Learn a reward function from pairwise human comparisons, then optimize a policy against it — the paper that launched RLHF and made ChatGPT possible.
Reinforcement learning has a dirty secret: it needs a reward function. And writing a good reward function is really hard.
Suppose you want to train a robot to clean a table. What reward do you assign? Distance to crumbs? But what about the ones behind the salt shaker? Percentage of surface area cleaned? But it might knock everything off the table to maximize area. Every simple metric you try either misses the point or gets "gamed" — the agent finds a loophole that scores high but does something you never intended.

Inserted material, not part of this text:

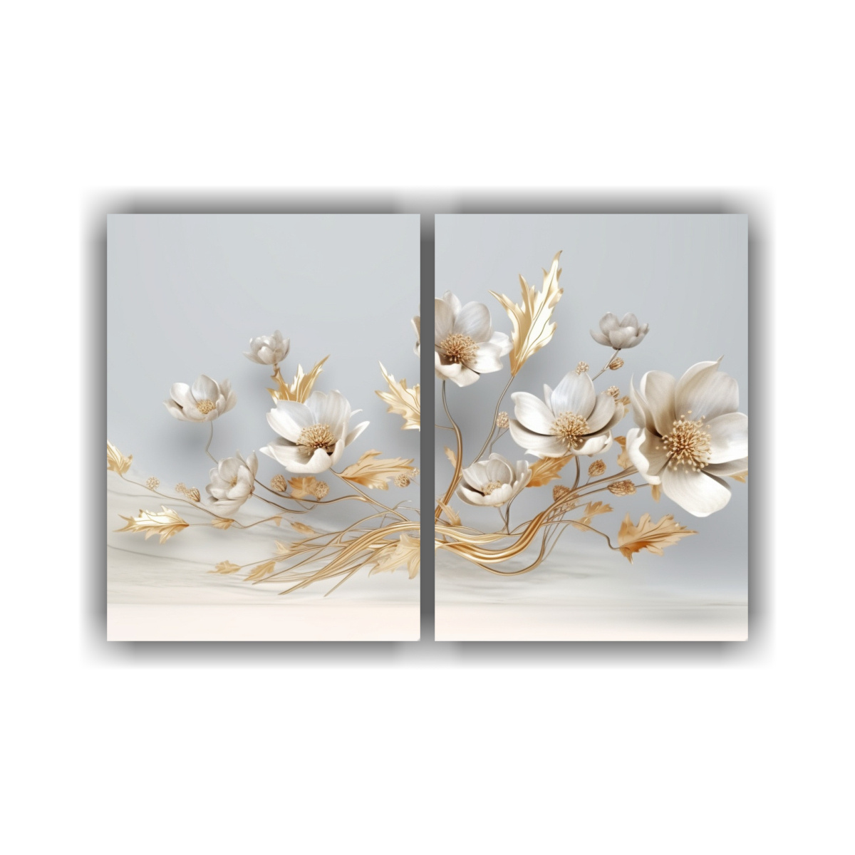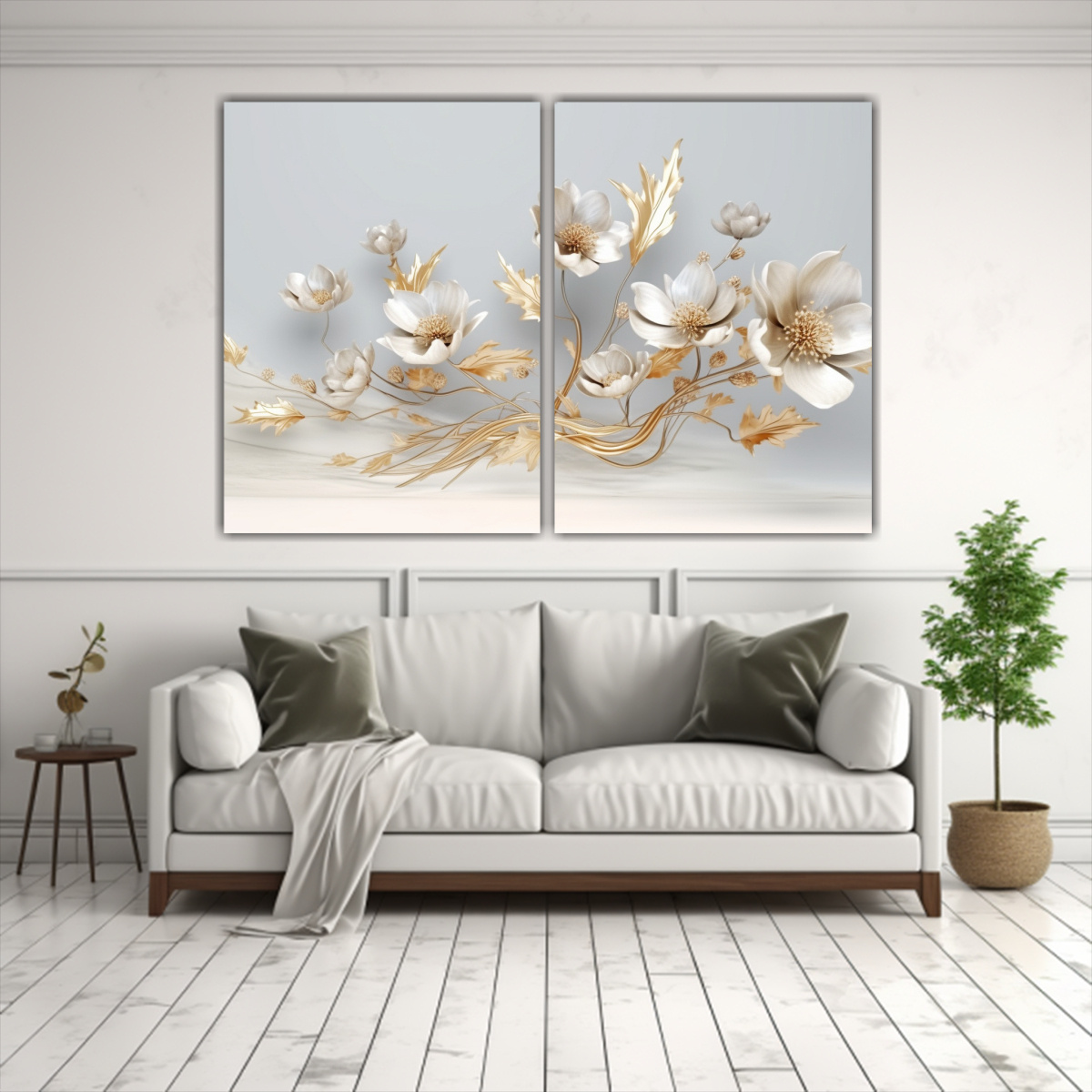 Cuadro Diseño Económico Flores Doradas Elegantes En Fondo Claro

This is the reward specification problem. It shows up everywhere:
The core issue: humans can recognize good behavior when they see it, but they can't write down a mathematical function that captures what they mean. There's a gap between what we want and what we can formalize.
Click each reward function to see how the agent exploits it. The intended behavior is to move right smoothly — but hand-crafted rewards produce unintended shortcuts.
Here's the insight that changes everything: humans can't write down reward functions, but they can watch two short video clips and say "I prefer this one."
Pairwise comparison is one of the simplest forms of human feedback. You don't need expertise. You don't need to assign numerical scores. You just watch two 1-2 second clips of an agent's behavior and pick the one that looks better. Even a non-expert can do this quickly and consistently.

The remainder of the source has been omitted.